Racial theory, colonial history and concept art

15 November 2014 – 18 January 2015

At first glance, Icelander Ólöf Nordal’s two series of archives resemble magnificent photos of old archive material. In fact, that is what they are – at least at first glance. However, on closer examination, you also see what the pictures are, what stories they conceal and what ideas and theories they express.

For Musée Islandique, Nordal critically examined and photographed two scientific collections with close links to Iceland, one dating from the 1850s, the other from the second half of the 20th century. The older of the two collections consists of plaster casts of Icelanders and Greenlanders: busts, hands, lower legs and torsos, all collected in the course of a French expedition to the two countries.

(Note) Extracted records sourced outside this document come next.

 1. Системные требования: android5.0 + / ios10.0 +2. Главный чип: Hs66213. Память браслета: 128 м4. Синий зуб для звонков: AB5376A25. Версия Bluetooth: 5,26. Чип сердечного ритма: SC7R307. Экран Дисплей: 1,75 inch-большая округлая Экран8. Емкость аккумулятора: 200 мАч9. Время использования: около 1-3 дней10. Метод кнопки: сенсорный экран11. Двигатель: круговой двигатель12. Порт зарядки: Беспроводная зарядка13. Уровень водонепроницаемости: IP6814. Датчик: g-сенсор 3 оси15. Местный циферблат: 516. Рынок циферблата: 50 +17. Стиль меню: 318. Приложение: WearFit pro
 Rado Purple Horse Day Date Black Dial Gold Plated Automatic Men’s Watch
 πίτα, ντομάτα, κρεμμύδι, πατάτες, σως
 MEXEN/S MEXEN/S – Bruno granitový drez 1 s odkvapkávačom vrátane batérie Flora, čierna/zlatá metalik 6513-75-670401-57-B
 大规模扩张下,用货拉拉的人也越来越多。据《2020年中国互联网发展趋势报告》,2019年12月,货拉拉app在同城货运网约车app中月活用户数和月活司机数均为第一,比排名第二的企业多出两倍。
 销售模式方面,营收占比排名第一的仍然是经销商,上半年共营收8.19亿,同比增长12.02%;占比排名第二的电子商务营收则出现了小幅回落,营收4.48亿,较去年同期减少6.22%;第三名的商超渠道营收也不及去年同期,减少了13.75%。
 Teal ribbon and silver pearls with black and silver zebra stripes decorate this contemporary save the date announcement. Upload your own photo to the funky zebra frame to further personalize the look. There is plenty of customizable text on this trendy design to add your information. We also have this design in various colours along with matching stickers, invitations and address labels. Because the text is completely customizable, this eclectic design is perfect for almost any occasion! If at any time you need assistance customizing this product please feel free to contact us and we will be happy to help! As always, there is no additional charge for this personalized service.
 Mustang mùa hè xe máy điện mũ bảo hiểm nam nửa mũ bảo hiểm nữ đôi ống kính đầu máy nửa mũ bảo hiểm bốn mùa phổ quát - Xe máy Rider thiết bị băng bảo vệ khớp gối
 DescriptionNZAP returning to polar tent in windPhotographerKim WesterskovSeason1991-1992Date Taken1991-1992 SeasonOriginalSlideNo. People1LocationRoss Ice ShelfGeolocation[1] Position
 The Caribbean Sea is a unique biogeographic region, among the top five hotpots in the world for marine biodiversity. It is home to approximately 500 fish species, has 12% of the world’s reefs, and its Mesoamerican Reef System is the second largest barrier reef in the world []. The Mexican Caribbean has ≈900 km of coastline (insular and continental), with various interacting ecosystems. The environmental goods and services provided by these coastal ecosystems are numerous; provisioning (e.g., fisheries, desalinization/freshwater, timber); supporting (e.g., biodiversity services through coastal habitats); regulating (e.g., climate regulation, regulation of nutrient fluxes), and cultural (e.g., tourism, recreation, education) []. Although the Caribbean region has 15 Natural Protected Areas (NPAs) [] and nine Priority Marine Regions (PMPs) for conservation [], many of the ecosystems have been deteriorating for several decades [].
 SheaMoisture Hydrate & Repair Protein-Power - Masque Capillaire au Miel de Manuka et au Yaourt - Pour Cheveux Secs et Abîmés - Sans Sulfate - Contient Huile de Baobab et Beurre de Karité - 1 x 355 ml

The other was collected by the Icelandic anthropologist, Dr Jens Pálsson (1926-2002) and consists of pictures, hair samples, letters, memories, impressions of palms etc.

Nordal studied the collections, their backgrounds, the individuals responsible for them, the meaning they had in their own time and, particularly, the significance they possess today, once rescued from the dark depths of the archives and displayed in a contemporary, post-modern context.

Though the collections were established in different contexts and historical periods, their raison d’être was basically identical: a fascination with the concept of “Nordic” and a desire to gather data to substantiate the notion of a “Nordic” race. Together, the two series of works tell a wealth of stories associated with colonial history, identity and self-understanding, dodgy racial theories and changing scientific discourses.